United States v. International Harvester Co.

STONE, Circuit Judge

(dissenting). 1. The decree in this case provided (a) that defendant, International Harvester Company, was an unlawful combination; (b) that it should be dissolved “into such number of parts of separate and distinct ownership as may be necessary to restore competitive conditions and bring about a new situation in harmony with law”; (e) that the defendants be given an opportunity to present a plan “for such separation and division”; (d) that if defendants did not present such plan, the court would entertain an application for a receiver; (e) that jurisdiction was retained “to make such additional decrees as may be deemed necessary to secure the final winding up and dissolution of the combination and monopoly complained of.” That decree was made final by dismissal of defendants’ appeal therefrom to the Supreme Court and by express statement in the consent decree or order entered November 2, 1918.

2. An agreed plan “for carrying into effect the order contained in said decree that the combination and monopoly therein adjudged to be dissolved” was set forth and approved in the decree or order of November 2,1918.

That plan provided (a) that the Osborne, Milwaukee and Champion lines of harvesting machines (then being made and sold by defendant, International Harvester Company), as well as the plants where such lines had formerly been made, should, within a stated time, each be sold to separate responsible manufacturers of agricultural machinery which were free from control of defendants; (b) that unless competitive conditions were restored in harvesting machinery within a stated time, the plaintiff might apply for such further relief as neeessary to such restoration; (e) jurisdiction was retained “to" carry into effect the provisions of the decrees herein entered.”

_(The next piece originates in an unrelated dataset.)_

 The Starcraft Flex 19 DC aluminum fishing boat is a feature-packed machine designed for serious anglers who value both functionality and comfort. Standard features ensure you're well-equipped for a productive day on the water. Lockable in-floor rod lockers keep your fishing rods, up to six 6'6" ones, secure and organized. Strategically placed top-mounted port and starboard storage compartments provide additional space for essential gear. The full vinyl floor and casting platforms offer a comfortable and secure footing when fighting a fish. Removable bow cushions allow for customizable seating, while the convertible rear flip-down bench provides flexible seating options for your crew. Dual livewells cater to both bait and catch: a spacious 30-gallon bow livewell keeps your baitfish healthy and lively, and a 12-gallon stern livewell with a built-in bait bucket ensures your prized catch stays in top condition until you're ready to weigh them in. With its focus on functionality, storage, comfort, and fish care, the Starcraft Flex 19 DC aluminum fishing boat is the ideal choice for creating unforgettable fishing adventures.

3. The test period for the above plan having expired, the plaintiff presents its application and ease for further relief and asks dissolution of defendants’ business and assets into three separately owned companies or groups, one of which shall include the Deering lines, one the McCormick lines and one the material companies.

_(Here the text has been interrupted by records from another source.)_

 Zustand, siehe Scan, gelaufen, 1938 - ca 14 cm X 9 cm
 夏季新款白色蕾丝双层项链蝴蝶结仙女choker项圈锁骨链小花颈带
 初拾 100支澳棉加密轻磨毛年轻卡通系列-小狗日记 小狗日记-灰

Defendants present no counterplan but stand upon their contention that the plan now in operation has proven such a dissolution of the business as to restore competitive conditions.

4. I think the evidence upon the application shows that the plan has entirely failed to restore genuine competitive conditions. True competition does not exist where one of the “competitors” so entirely dominates the particular industry or trade that it can and does dictate the “competitive” prices. Competition which depends upon the sufferance of one of the competitors is a complete sham. This evidence convinces me that the International has such advantages in resources, organization, selling mediums, production costs, ownership and manufacture of raw material (steel) and in volume and spread of business as to be able completely to dominate this business. Also, that it does so control, and dominate by regulating prices. The International fixes prices for its own harvesting machinery and the other manufacturers .prudently govern their prices thereby.

5. I think the court should consider means to restore rea^ competitive conditions, either by carrying out some division of assets and property in accordance with the decree or by orders which will prevent the harmful exercise, by defendants, of the existing power to control this vital industry.